**About this task:** The listing below should be written out word for word, with its pictures removed.

**Data segment:**
-- Opening Marker --

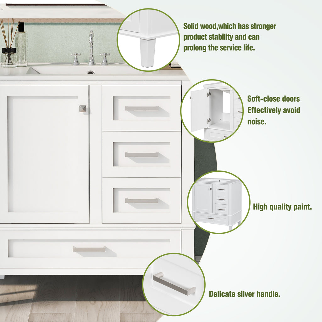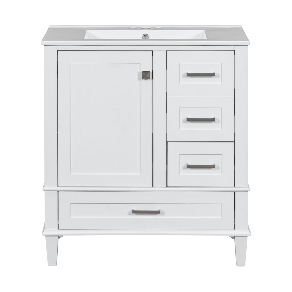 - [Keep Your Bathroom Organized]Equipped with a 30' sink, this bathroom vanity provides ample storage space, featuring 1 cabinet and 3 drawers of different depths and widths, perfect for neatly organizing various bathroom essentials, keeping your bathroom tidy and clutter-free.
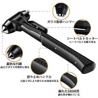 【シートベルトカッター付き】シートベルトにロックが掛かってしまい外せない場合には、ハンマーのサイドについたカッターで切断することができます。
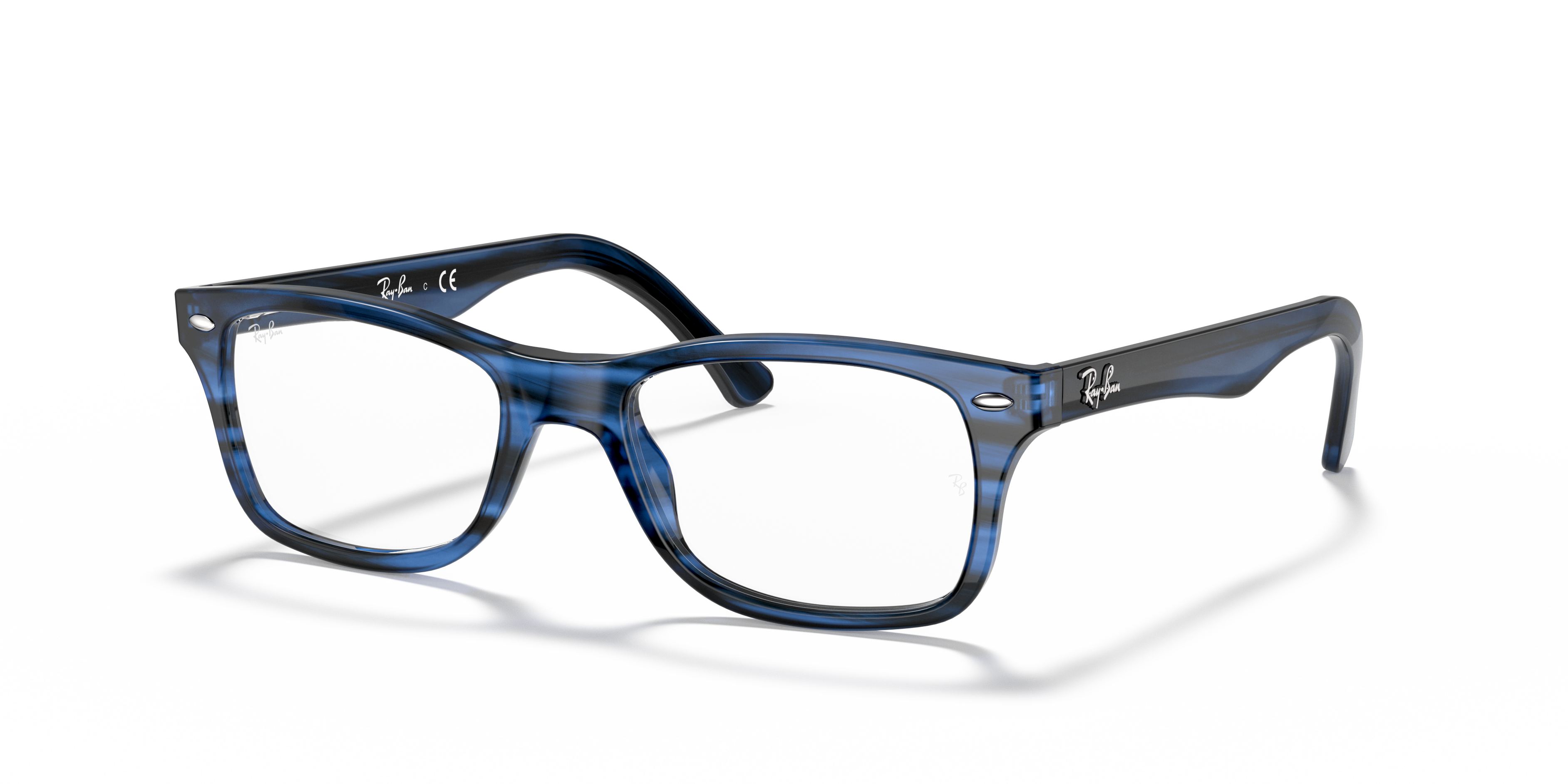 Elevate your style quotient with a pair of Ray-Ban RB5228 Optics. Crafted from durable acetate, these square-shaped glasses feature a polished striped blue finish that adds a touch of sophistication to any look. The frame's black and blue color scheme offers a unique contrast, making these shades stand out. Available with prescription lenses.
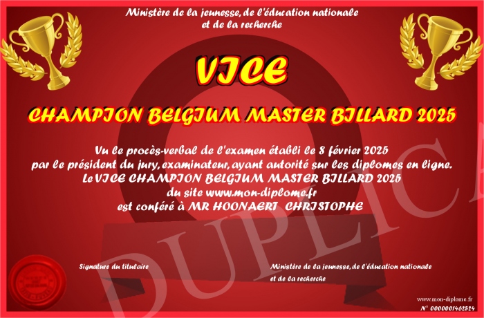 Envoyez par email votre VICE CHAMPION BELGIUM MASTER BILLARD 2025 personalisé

-- Closing Marker --

**Response area:**
 - [Keep Your Bathroom Organized]Equipped with a 30' sink, this bathroom vanity provides ample storage space, featuring 1 cabinet and 3 drawers of different depths and widths, perfect for neatly organizing various bathroom essentials, keeping your bathroom tidy and clutter-free.
 【シートベルトカッター付き】シートベルトにロックが掛かってしまい外せない場合には、ハンマーのサイドについたカッターで切断することができます。
 Elevate your style quotient with a pair of Ray-Ban RB5228 Optics. Crafted from durable acetate, these square-shaped glasses feature a polished striped blue finish that adds a touch of sophistication to any look. The frame's black and blue color scheme offers a unique contrast, making these shades stand out. Available with prescription lenses.
 Envoyez par email votre VICE CHAMPION BELGIUM MASTER BILLARD 2025 personalisé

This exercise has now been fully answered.